1. HUSBAND AND WIFE; PARAPHERNAL PROPERTY; LICENSE TO SELL. — In the sale of paraphernal property by a wife, the fact that she was accompanied by her husband and that he also signed the deed, was sufficient license or authorization under article 1387, Civil Code.

2. EVIDENCE; AUTHENTICITY OF DOCUMENTS; ADMISSIBILITY. — The trial court has the right to insist on proof of the authenticity of documents before receiving them in evidence.


D E C I S I O N


OSTRAND, J.:


Manuel Alejandrino applied for the registration of four parcels of land referred to as lots Nos. 1, 2, 3, and 4 of the plans attached to the application. Among others, Eriberto Reyes, as special administrator of the estate of the deceased Gregoria Pañgan, opposed the registration of the parcels.

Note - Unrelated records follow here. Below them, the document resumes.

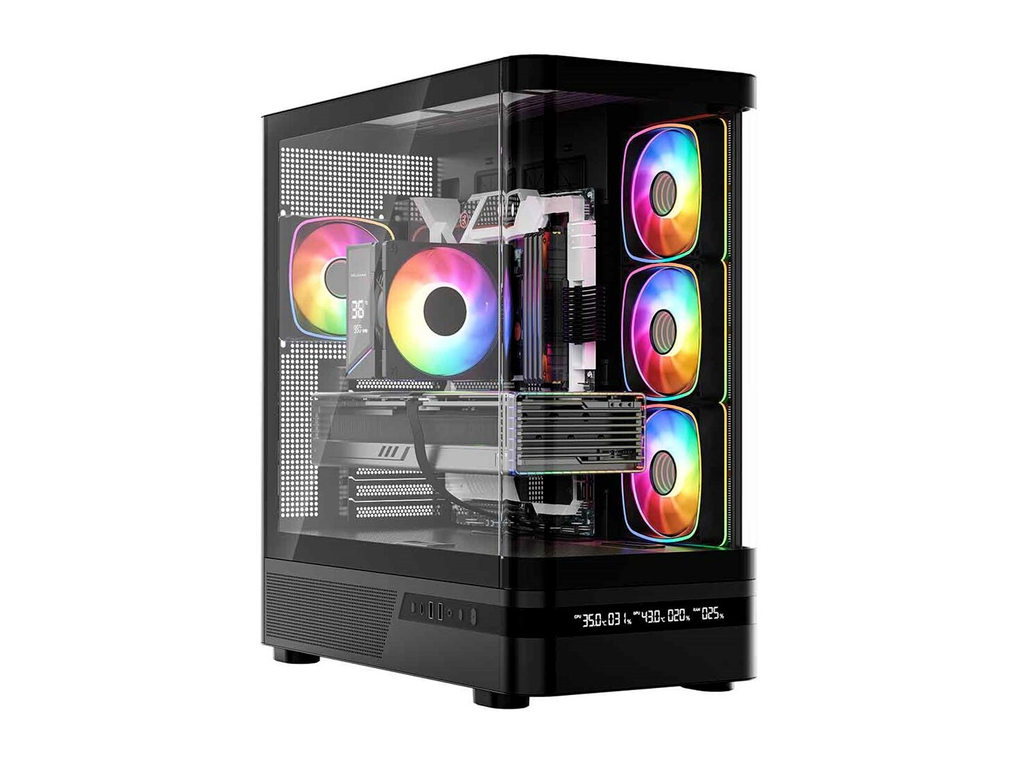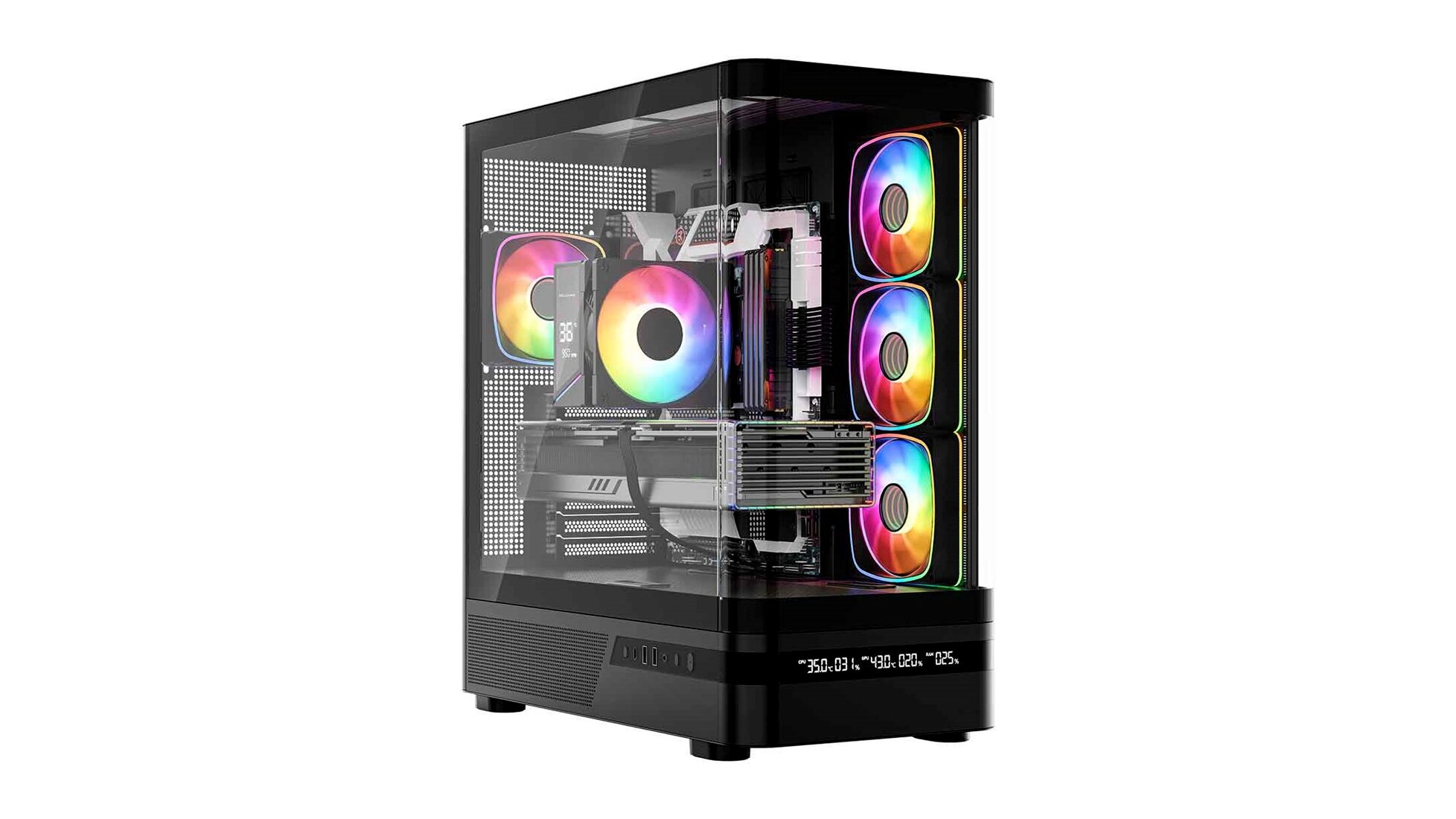 • Látványos gamer atmoszféra: az oldalsó ARGB ventilátorok és előlapi kijelző együtt egyedivé teszik a konfigurációt
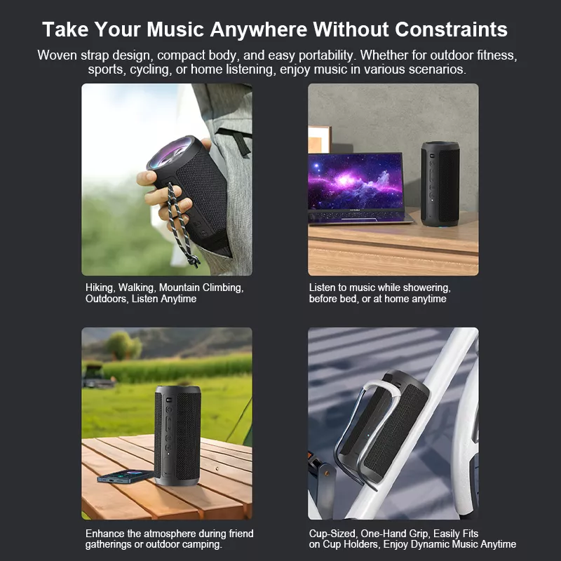 Experience music like never before with this 24W portable Bluetooth speaker built for life on the go. Whether you’re hiking in the hills, camping under the stars, or enjoying a backyard BBQ, this rugged wireless speaker delivers booming sound, punchy bass, and vivid RGB lights to match the mood. Designed for outdoor adventures and daily use alike, it brings premium audio and ultimate convenience in a compact, durable design.
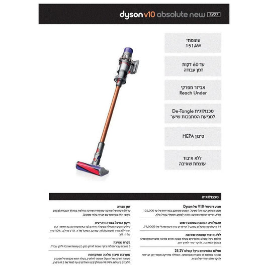 • שואב אלחוטי דייסון V10 Absolute New
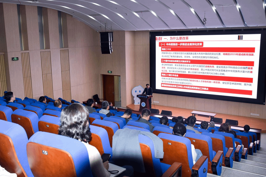 高复阳从为什么要改革、改革什么、怎样推进改革等三方面作报告。他强调,党中央、国务院印发《教育强国建设规划纲要(2024-2035年)》,集中体现了未来一段时期我国教育改革发展和教育强国建设的方向和任务。党的二十届三中全会通过的《决定》,在“健全推进经济高质量发展体制机制”后紧接着部署“构建支持全面创新体制机制”,对统筹推进教育科技人才体制机制一体改革作出重要安排,并把“深化教育综合改革”作为该部分第一条,对教育改革发展作出系统部署。进一步凝聚改革攻坚意识,深化学校综合改革,加快发展方式转型,既是大势所趋,也是现实所迫,更是学校快速发展所需。
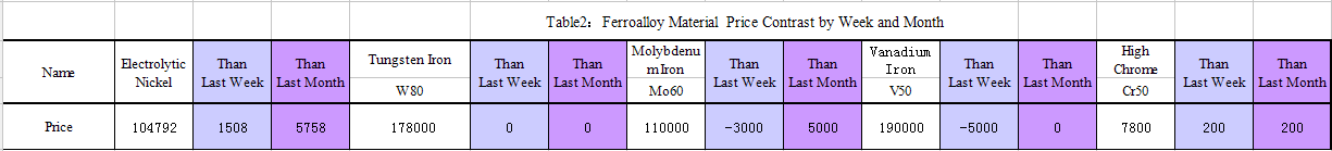 This week, among the five categories of raw materials, the prices of domestic ore,pig iron and scrap steel rose,imported ore and coke declined. The main ferromolybdenum,silica and ferrovanadium slightly declined, tungsten iron and high-manganese ,electrolytic nickel and high chromium remained flat.

Upon trial the Court of First Instance ordered the registration of lots Nos. 1, 3, and 4 and denied the registration of lot No. 2. From this decision the oppositor, Eriberto Reyes, appealed to this court.

It appears from the record that the three lots in question were originally the paraphernal property of the deceased Gregoria Pañgan, and that she, on March 11, 1922, executed a deed of sale with the right to repurchase for said lots in favor of Alejandrino. Upon the expiration of the term for the repurchase, Alejandrino desired to consolidate the title to the land, and to that effect, Gregoria Pañgan, accompanied by her husband, Vicente Cabigting, executed a deed of title in fee simple in favor of Alejandrino for the three lots. The appellant bases his appeal on the ground that the deed of November 14, 1923, is fictitious and that the vendor’s signature to the same is not authentic. We cannot find the slightest indication that such is the case. Gregoria Pañgan’s signature on the deed of the sale with right to repurchase of March 11, 1922, is admittedly authentic, and a comparison between that signature and that in the document in question convinces us that the vendor’s signature in the two documents were written by the same person.

The appellant also raises the point that Gregoria Pañgan was a married woman and that she, in executing the deed, did not have a proper license from her husband to sell the property in question. The answer to this assertion is that no special form is required for such license, and that it appears that in executing the document in question, Gregoria Pañgan was accompanied by her husband and that he also signed the document. That, in our opinion, is a sufficient license.

At the trial of the case, the appellant presented two documents, Exhibits 4 and 5, for the purpose of comparing the alleged signatures of Gregoria Pañgan in these documents with that in the deed in question. The court below declined to admit the exhibits in evidence on the ground that they were private documents and that the authenticity of the signatures therein had not been proven. The appellant’s contention that this ruling was erroneous is untenable; the court had a perfect right to insist on proof of the authenticity of the documents before receiving them in evidence.

We are unable to find any reversible error in the decision appealed from, and the same is therefore affirmed with the costs against the appellant. So ordered.

Avanceña, C.J., Johnson, Malcolm, Villamor, Johns and Romualdez, JJ., concur.